El ámbito cultural chileno en la Colonia no puede, pues, sino ser considerado como parte de este entramado. Las bibliotecas coloniales chilenas siguen, de hecho, la tendencia hacia los temas religiosos que existe en Hispanoamérica: el clásico estudio de Isabel Cruz determina que entre los años 1550-1650 predominaban los libros religiosos, los que fueron desplazados al segundo lugar por los de tema jurídico en el período de 1655-1750. Con todo, los libros jurídicos, aunque mayores en número, no tienen presencia en todas las bibliotecas, como sí ocurre con los religiosos (Cruz 110 y ss.) 8. En Chile solo en el siglo XVIII se pueden encontrar bibliotecas considerables, como la del obispo Alday, la más grande, con más de 2.000 volúmenes, y la de José Valeriano de Ahumada, con 1.400 volúmenes (Millar y Larraín 176-7). En los siglos anteriores la presencia de bibliotecas es escasa: Cruz registra a ocho particulares que poseían libros entre 1655 y 1665, de los cuales solo tres tenían más de doce títulos; entre 1695 y 1705 registra a cuatro particulares con libros, de los cuales solo uno tenía una buena biblioteca (Cruz 110). Estas bibliotecas están muy lejos de las más grandes de ciudad de México, como la del obispo fray Juan de Zumárraga o, en el Perú, la del clérigo Francisco de Ávila, que contaba a su muerte en 1647 con 3.108 volúmenes. La escasez de libros sobre América también puede verse claramente en el estudio de Cruz: en los inventarios de 15 bibliotecas chilenas que corresponden al período de 1750-1820, solo pesquisa dos títulos sobre Chile: la Histórica relación del Reino de Chile de Alonso de Ovalle y el Compendio de la Historia geográfica, natural y civil del Reyno de Chile de Juan Ignacio Molina (173 y ss.).

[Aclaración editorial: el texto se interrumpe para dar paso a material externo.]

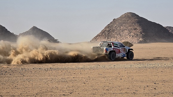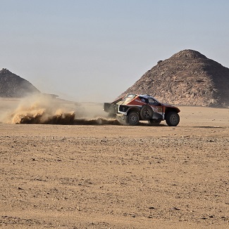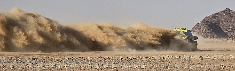Nous allons bivouaquer à l'arrivée de la spéciale (point donné par l'organisation) qui conduit les coureurs de Riyad à WaD - dommage, le terrain est plat et roulant, ce qui rend le spot inintéressant ! Après un passage au bivouac du Dakar, nous rejoignons l'arrivée de la boucle ( 770 km) autour de WaD - le site est magnifique, mais le vent qui souffle en rafales réduit la visibilité.

Tal como en el resto de la América hispánica, los libros circulan en el estrato alto, es decir, entre clérigos, frailes, letrados de profesión civil –médicos, abogados, escribanos– y comerciantes (109).

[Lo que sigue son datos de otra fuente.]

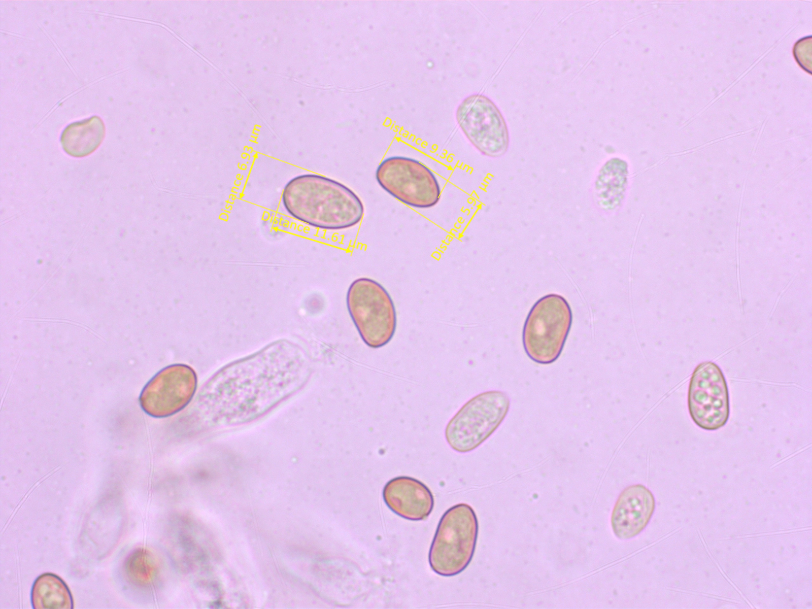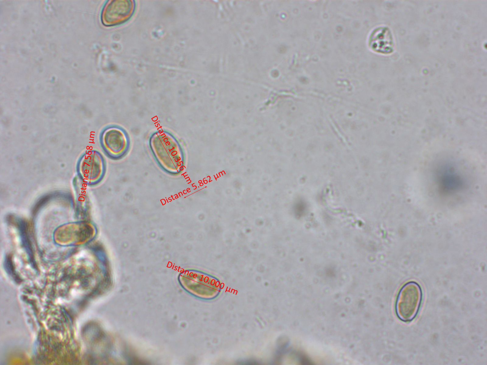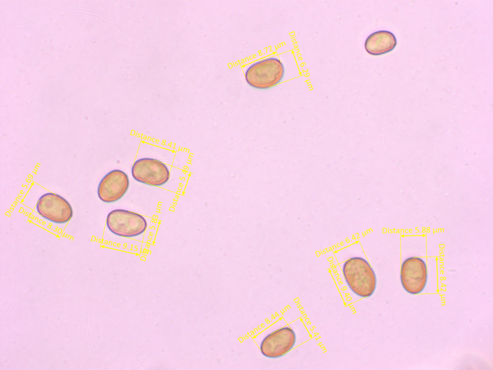 Bei meinen Funden: 8.3-9.6 x 5.2-6.4 µm. Mittelwert: 8.9 x 5.8 µm. Q = 1.39-1.67, QAvg = 1.53

Por otra parte, en Chile se consideran los mismos hitos que en el resto de Latinoamérica para dar cuenta de su desarrollo cultural: la fundación de la Universidad en San Felipe en 1747 9y la llegada de la imprenta en 1811, recién después de la Independencia. Se ha señalado lo tardío de la incorporación de la universidad y de la imprenta en comparación con otras ciudades latinoamericanas: Lima y México tuvieron universidad en 1551, la imprenta se instaló en México el año 1540 y en Lima en 1581 10. Bernardo Subercaseaux muestra que la llegada de la imprenta a Chile no solo fue tardía en comparación con los virreinatos, sino también en relación al resto de Latinoamérica (11). Estos datos nos permiten articular, por tanto, algunas particularidades de la vida intelectual del Reino de Chile durante la colonia, y describir las condiciones en las que circulaba la producción letrada.

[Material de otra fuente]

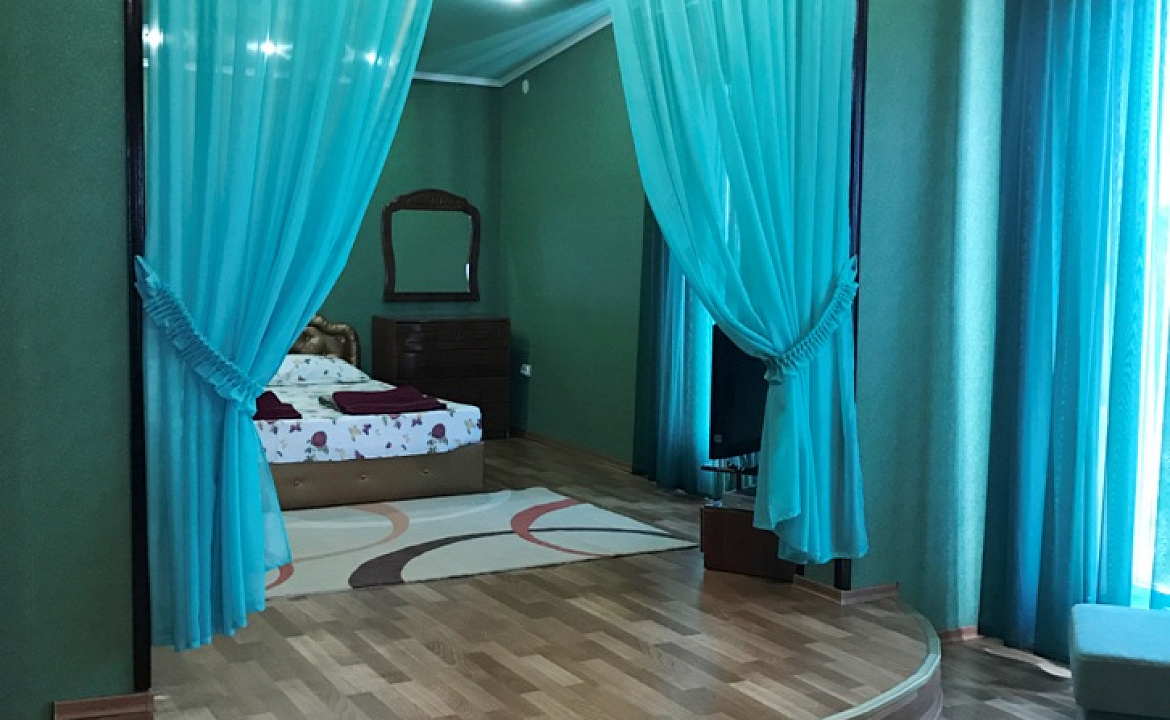 Номера категории Люкс расположены в новом двухэтажном здании, рядом с корпусом имеются уютные беседки для отдыха, качели, много зелени (розы, сосны, кипарисы). В номере все удобства: кондиционер, душевая кабина, туалет, умывальник, холодильник, плазменный телевизор, горячая и холодная вода - круглосуточно; вся необходимая мебель: двуспальная кровать, диван, шкаф с зеркалом, прикроватные тумбочки, туалетный столик, комод, журнальный стол, стулья. Дети до 3-х лет проживают бесплатно. Дети от 3 до 12 лет проживают со скидкой 30%. Номера имеются разной вместимости: двух, трех, четырех и пятиместные.

La importancia secundaria de Chile dentro de la administración colonial –un Reino dependiente del Virreinato del Perú–, su aislamiento geográfico y la guerra de Arauco dieron, pues, la impronta al desarrollo de las letras en el Reino. La configuración de un espacio propiamente letrado requiere de una institucionalidad que se desarrolla en la ciudad, en conjunto con la implantación de una burocracia estatal: «la historia del saber en las Indias no puede desvincularse de su red de ciudades, la más grande de la monarquía española […] Esa red requirió de unas mismas estructuras jurídicas y de gobierno, es decir de un aparato administrativo que uniera los territorios entre sí» (Calvo cit. en Mazín, 57). Es decir, está vinculado a las ciudades y, más incluso, a la instalación de un aparato burocrático y a una forma de hacer carrera funcionaria 11.